[Haskell-cafe] Lazy Parsing

S. Doaitse Swierstra doaitse at swierstra.net
Fri May 29 04:20:04 EDT 2009


Lazy parsing has been the default for the last ten years in uulib, and  
is now available in the simple uu-parsinglib (http://hackage.haskell.org/cgi-bin/hackage-scripts/package/uu-parsinglib 
). The whole design of the latter in described in a technical report  
to which references are given on the web page. It provides also error  
correction, the ability to use several different kinds of input  
tokens, and (with some help) ambiguities. If speed is an issue you can  
insert extra hints which locally change the breadth-first parsing  
process locally into a somewhat more depth-first form.

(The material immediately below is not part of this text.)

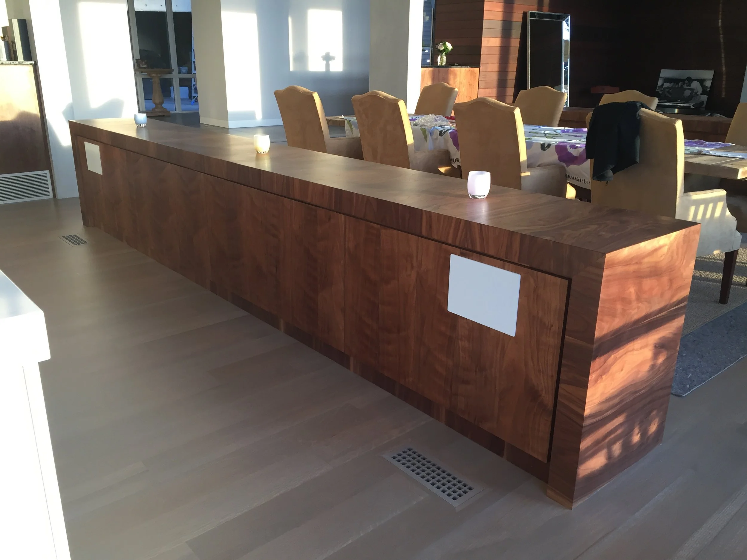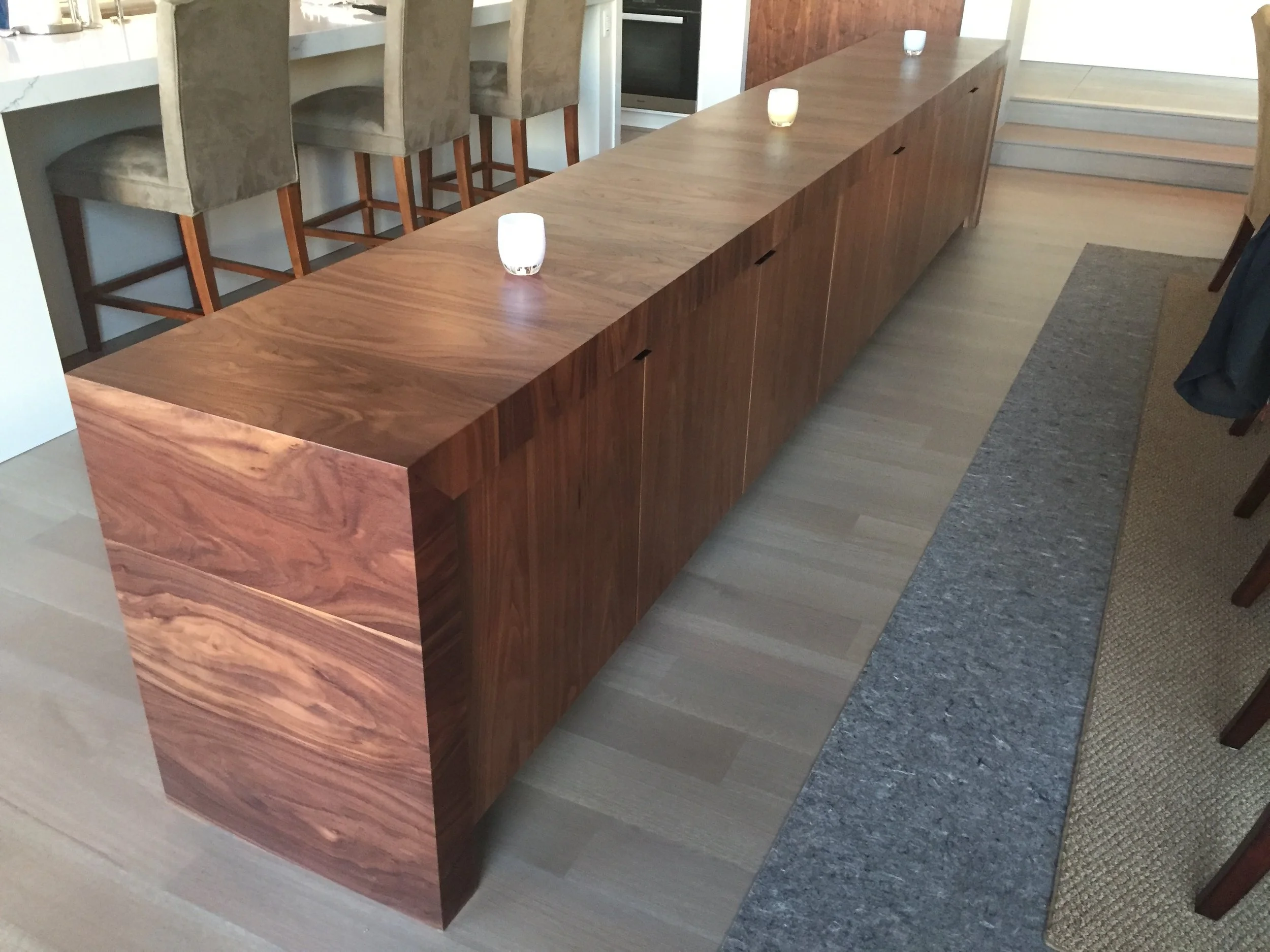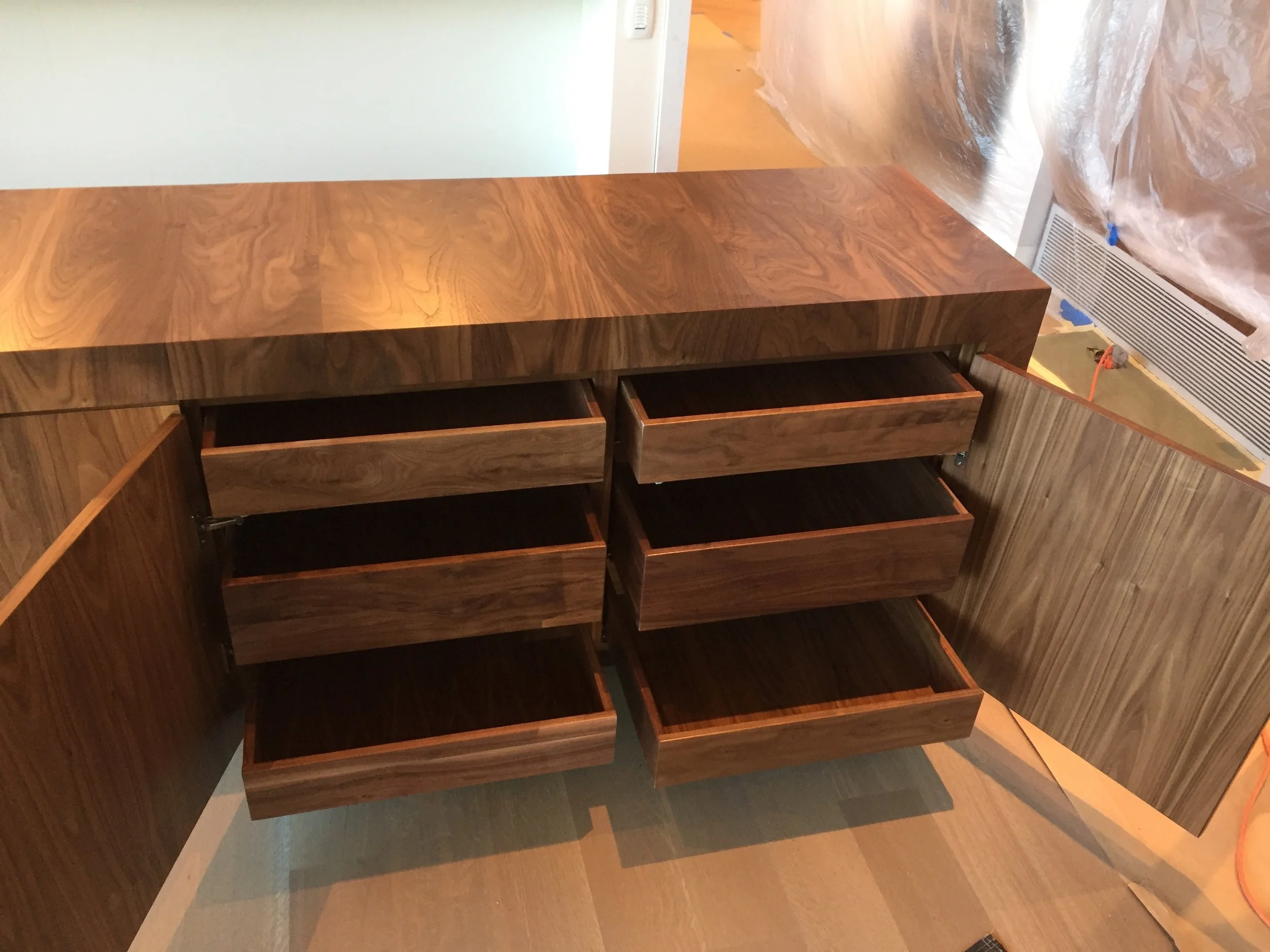 This project is a great example of what we are able to do with veneer. Our company does not use factory made veneer, rather we cut out our veneer and in doing so our is much thicker. We cut it at 1/8in thickness and finished up at 3/32”. Making furniture with veneer allows us to make furniture that would not be possible in solid wood. Wood moves, shrinks and expands, with the seasons ware as veneer glues to a cabinet grade plywood does not. I love the water fall look of this piece with the black walnut tracks it truly is a sight to behold.

When compared  
with Parsec the good news is that usually you do not have to put  
annotations to get nice results.

The older uulib version also performs an abstract interpretation which  
basically changes the search for which alternative to take from a  
linear to a logarithmic complexity, but does not provide a monadic  
structure, in which you use results recognised thus far to construct  
new parsers.

Both the old uulib version and the new version have always had an  
applicative interface.

In the near future elements of the abstract interpretation of the old  
uulib version will migrate into the new version. It is the advent of  
GADT's which made this new version feasable.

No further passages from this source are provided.